> [DATA SECTION]:

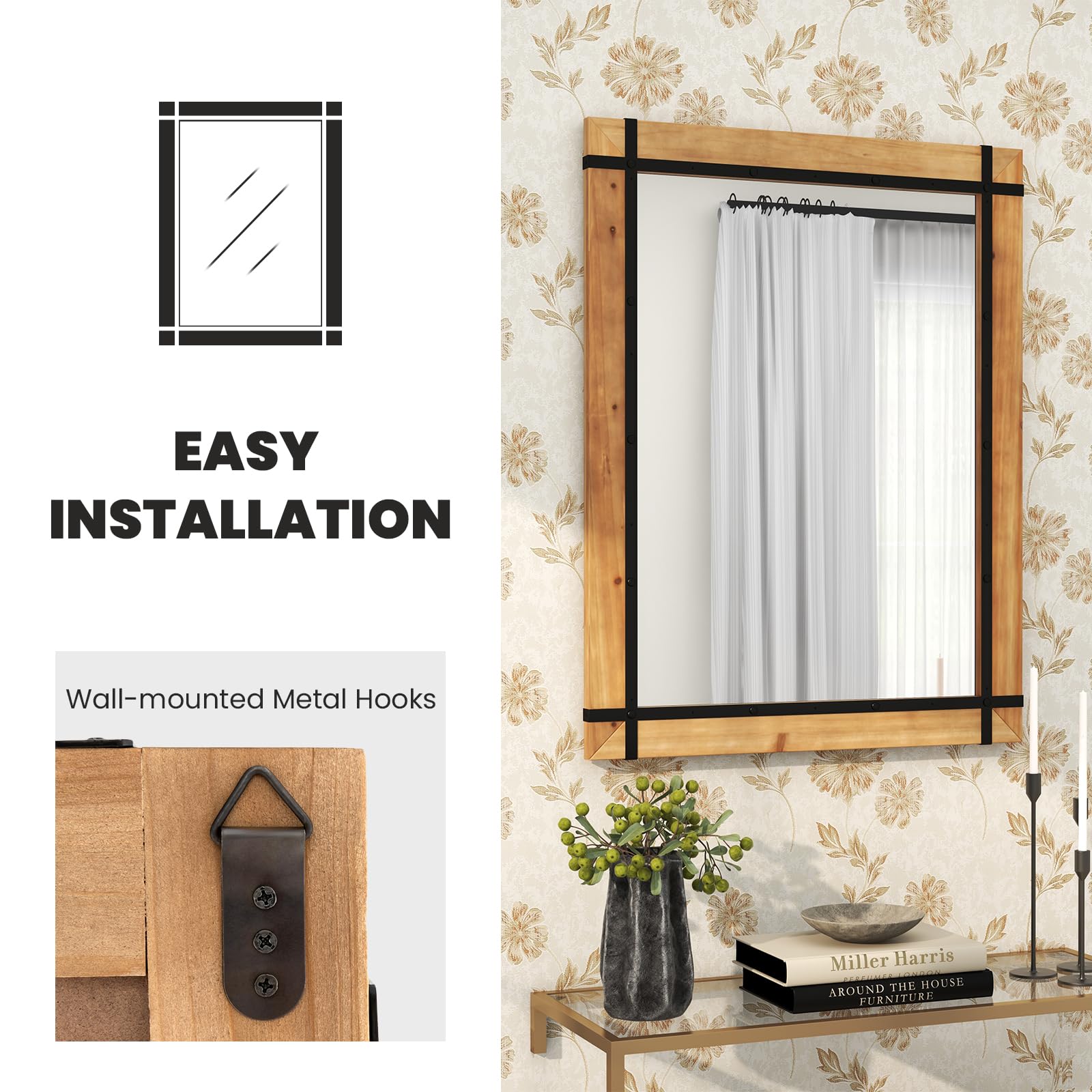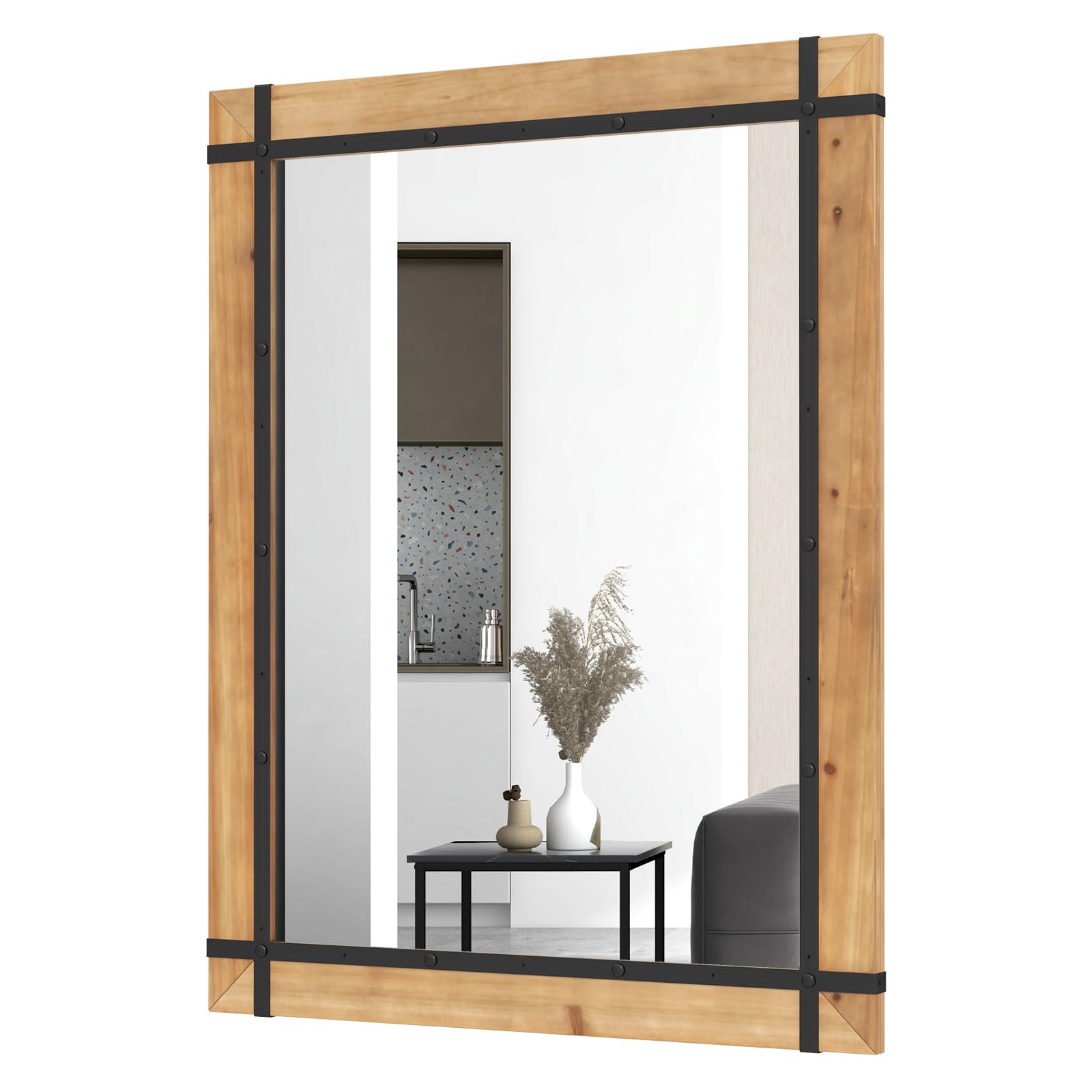 Get an elegant and stylish touch for your home decor with our rectangular wall mirror. The mirror's classic design features reflective glass panels that beautifully enhance light. With a solid fir wood frame, it offers stability and durability. The frame not only adds elegance but also protects the mirror. The explosion-proof glass ensures clear imaging and safety. Perfect for decorating walls and creating a spacious and illuminated atmosphere. It's easy to hang vertically with secure metal hooks attached at the back.
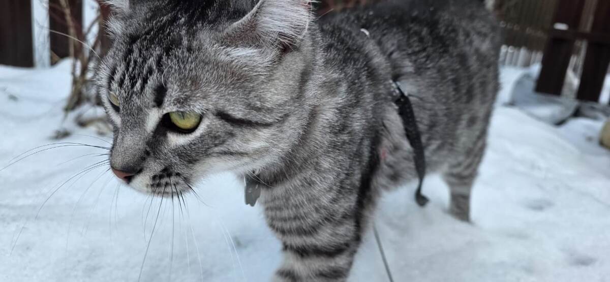 Это Плутон. У нас снега выпало очень много, Плуто рвётся гулять, невзирая ни на какие погодные условия. Просто красавчик, а не котяра. Злится он потому, что на него надели шлейку - в ней Плуто чувствует себя не вольным супергероем, а каким-то лохом на привязи. Вообще-то Плуто - милейшее создание. С домашними он добродушный увалень с мягкими лапками. Мягкие лапки дома - всегда! Хоть что с ним делай! Но надо отметить, что животных в нашем доме не обижает никто. Гулять Плутон очень любит, как впрочем и Марс. Не знаю, как Венера, потянет ли её на улицу после всего перенесённого, но шлейку она не потерпит однозначно. Мы даже ошейник не будем ей предлагать - уверена, для неё это будет психологический стресс. Наши-то ещё с пелёнок в ошейниках, поэтому практически с ними сроднились и вообще их не замечают. Другое дело - Венера. Она как Маугли. Дикое создание. До сих пор не может полностью расслабиться, когда спит. Обязательно надо залезть в какой-нибудь укромный уголок, чтобы почувствовать св
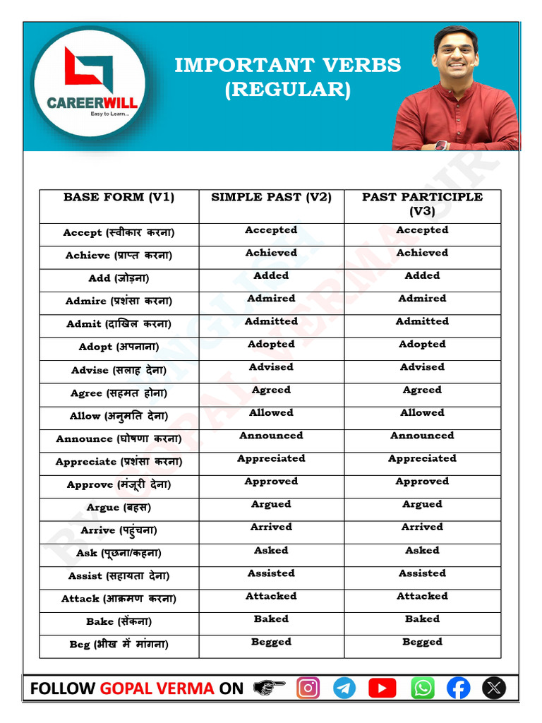 Adopt (अपनाना) Adopted Adopted
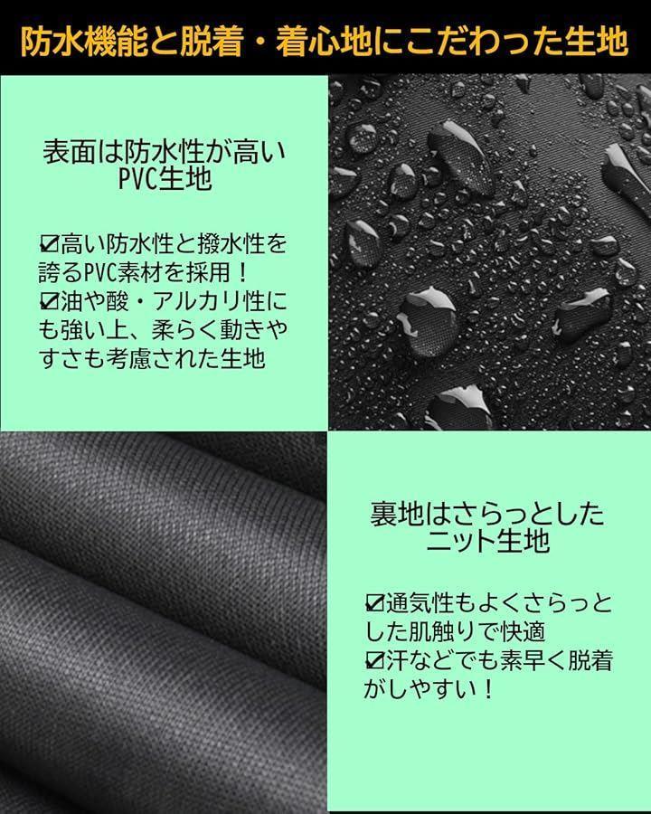 「防水性と着心地にこだわった生地」 表地はPVC・裏地はニット生地を使用しており防水性とともに中の湿気を排出可能な機能性素材。

> [TRY IT]:
Exactly as written, copy out the listing, but without any pictures.

> [OUTPUT OF THE EXERCISE]:
 Get an elegant and stylish touch for your home decor with our rectangular wall mirror. The mirror's classic design features reflective glass panels that beautifully enhance light. With a solid fir wood frame, it offers stability and durability. The frame not only adds elegance but also protects the mirror. The explosion-proof glass ensures clear imaging and safety. Perfect for decorating walls and creating a spacious and illuminated atmosphere. It's easy to hang vertically with secure metal hooks attached at the back.
 Это Плутон. У нас снега выпало очень много, Плуто рвётся гулять, невзирая ни на какие погодные условия. Просто красавчик, а не котяра. Злится он потому, что на него надели шлейку - в ней Плуто чувствует себя не вольным супергероем, а каким-то лохом на привязи. Вообще-то Плуто - милейшее создание. С домашними он добродушный увалень с мягкими лапками. Мягкие лапки дома - всегда! Хоть что с ним делай! Но надо отметить, что животных в нашем доме не обижает никто. Гулять Плутон очень любит, как впрочем и Марс. Не знаю, как Венера, потянет ли её на улицу после всего перенесённого, но шлейку она не потерпит однозначно. Мы даже ошейник не будем ей предлагать - уверена, для неё это будет психологический стресс. Наши-то ещё с пелёнок в ошейниках, поэтому практически с ними сроднились и вообще их не замечают. Другое дело - Венера. Она как Маугли. Дикое создание. До сих пор не может полностью расслабиться, когда спит. Обязательно надо залезть в какой-нибудь укромный уголок, чтобы почувствовать св
 Adopt (अपनाना) Adopted Adopted
 「防水性と着心地にこだわった生地」 表地はPVC・裏地はニット生地を使用しており防水性とともに中の湿気を排出可能な機能性素材。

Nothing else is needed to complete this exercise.